■ **YOUR GOAL**
From the first line of the data below through the line bearing "Ажурный вязаный свитер", reproduce each line exactly; do not include pictures.
####
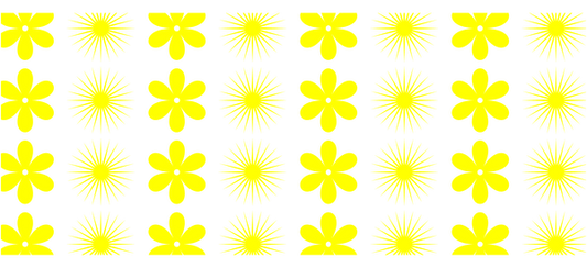 Yellow flowers on a green backdrop with distinctive petals.UV Transfers
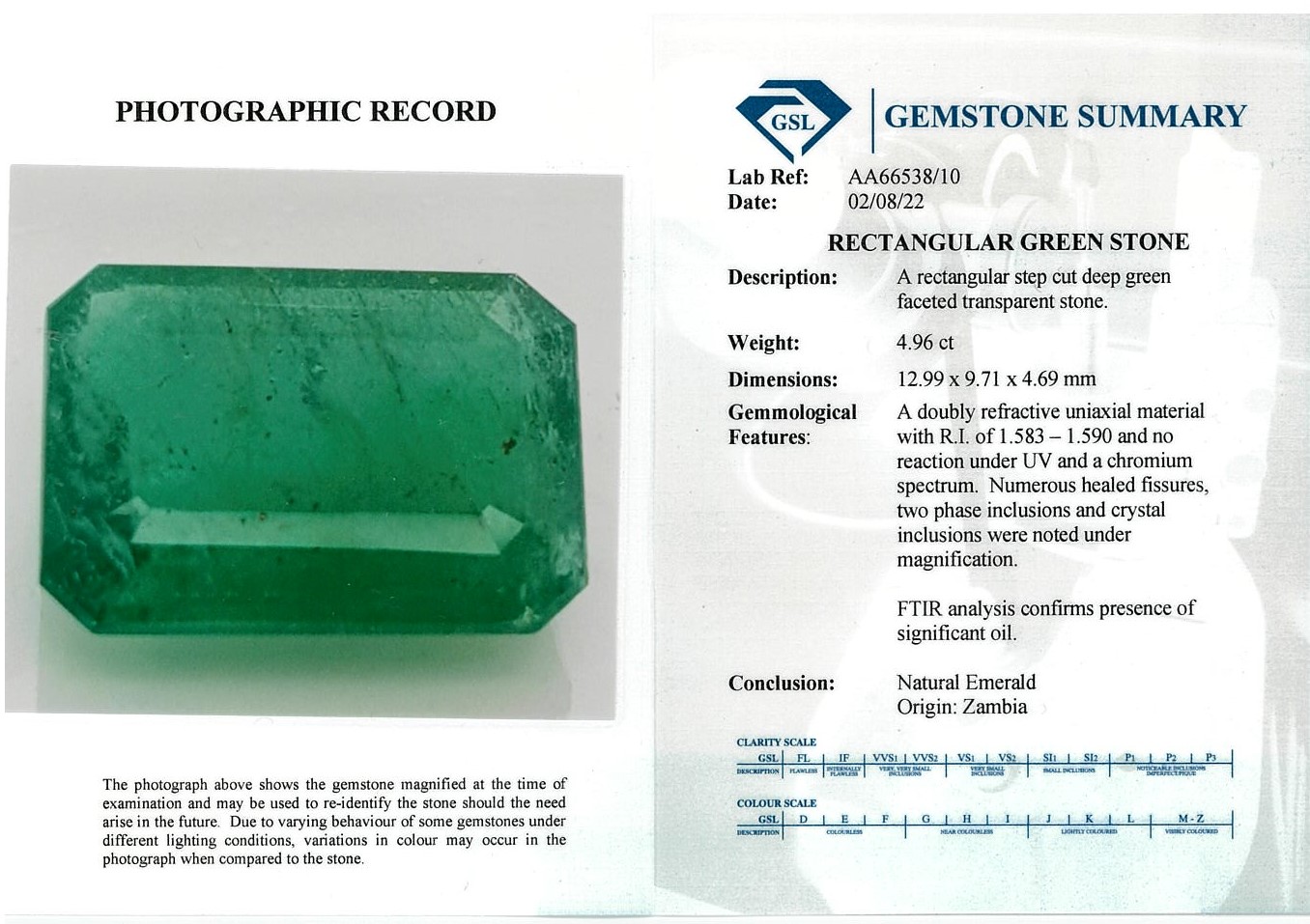 A loose pair of emerald cut Zambian Emeralds totalling 10.35cts (both with GSL summary reports #AA66538/10, AA66538/10). (As new)
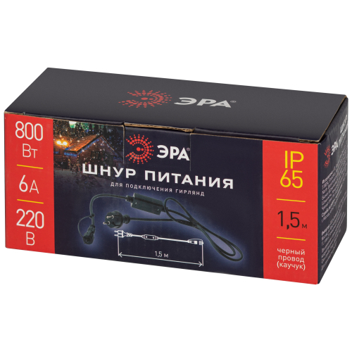 Шнур питания ЭРА ERAPS-K800 - мощный 800-ваттный 6-амперный комплект для подключения профессиональных гирлянд. Изготовлен из мягкого прочного каучука - надежен, морозостоек, выдерживает перепады температур, осадки, надедь. Монтаж профессионального новогоднего освещения ЭРА, соединение в единую линию и демонтаж безопасны даже для любителя. А профессиональные светотехники и дизайнеры с помощью таких уличных гирлянд от ЭРА могут легко создавать масштабные креативные LED-инсталляции. Профессиональный каучуковый шнур питания для уличных гирлянд позволяет воплощать в жизнь масштабные проекты новогодней иллюминации фасадов зданий, наружных витрин, улиц, парков, коттеджей.
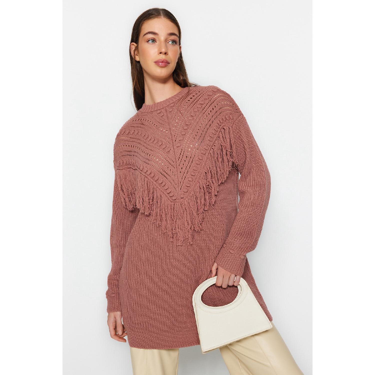 Ажурный вязаный свитер «Пыльная роза» с кисточками Tiko Thessaloniki Tctaw24ak00150 S
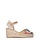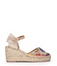 Beige dames espadrilles van het Spaanse merk Pedro Miralles, artikelnummer 17731-03 Talima Beige. De espadrilles zijn gemaakt van beige suède gecombineerd met beige linnen waarop heel fraai geborduurd is met meerkleurig fluweeldraad en gouddraad. De schoen binnenin is gevoerd met zacht leer, heeft een vast voetbed en de rubbere zool is naturel van kleur. De sleehak is gemaakt van het bekende espadrilles touw met een goud draad er door heen. De sandaal sluit met een smal bruin leren bandje met goud kleurige gesp. Een mooie, kleurige espadrille met de bekende goede pasvorm van Pedro Miralles. Combineer het met een zomerse jurk. De hakhoogte is 8 cm en de plateauhoogte is 3 cm.
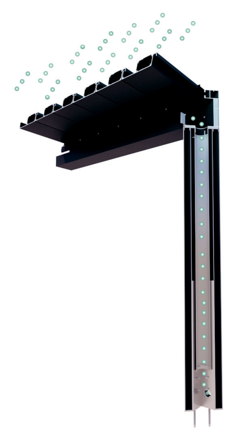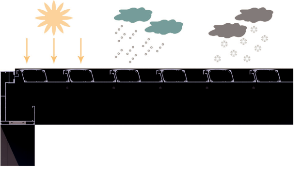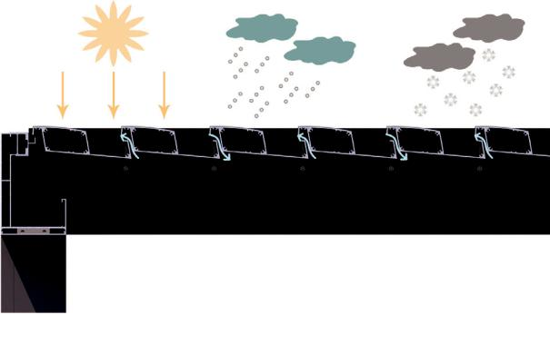 Euro Premium Pergola is designed in a way to collect rainwater and channel it to the side beams of the louver... Then, the rainwater through the mullion is guided outside of the construction... The louver’s profile is studied to keep the rain drops that is collected and not fall down when the louvers start moving...
####
■ **YOUR RESPONSE**
 Yellow flowers on a green backdrop with distinctive petals.UV Transfers
 A loose pair of emerald cut Zambian Emeralds totalling 10.35cts (both with GSL summary reports #AA66538/10, AA66538/10). (As new)
 Шнур питания ЭРА ERAPS-K800 - мощный 800-ваттный 6-амперный комплект для подключения профессиональных гирлянд. Изготовлен из мягкого прочного каучука - надежен, морозостоек, выдерживает перепады температур, осадки, надедь. Монтаж профессионального новогоднего освещения ЭРА, соединение в единую линию и демонтаж безопасны даже для любителя. А профессиональные светотехники и дизайнеры с помощью таких уличных гирлянд от ЭРА могут легко создавать масштабные креативные LED-инсталляции. Профессиональный каучуковый шнур питания для уличных гирлянд позволяет воплощать в жизнь масштабные проекты новогодней иллюминации фасадов зданий, наружных витрин, улиц, парков, коттеджей.
 Ажурный вязаный свитер «Пыльная роза» с кисточками Tiko Thessaloniki Tctaw24ak00150 S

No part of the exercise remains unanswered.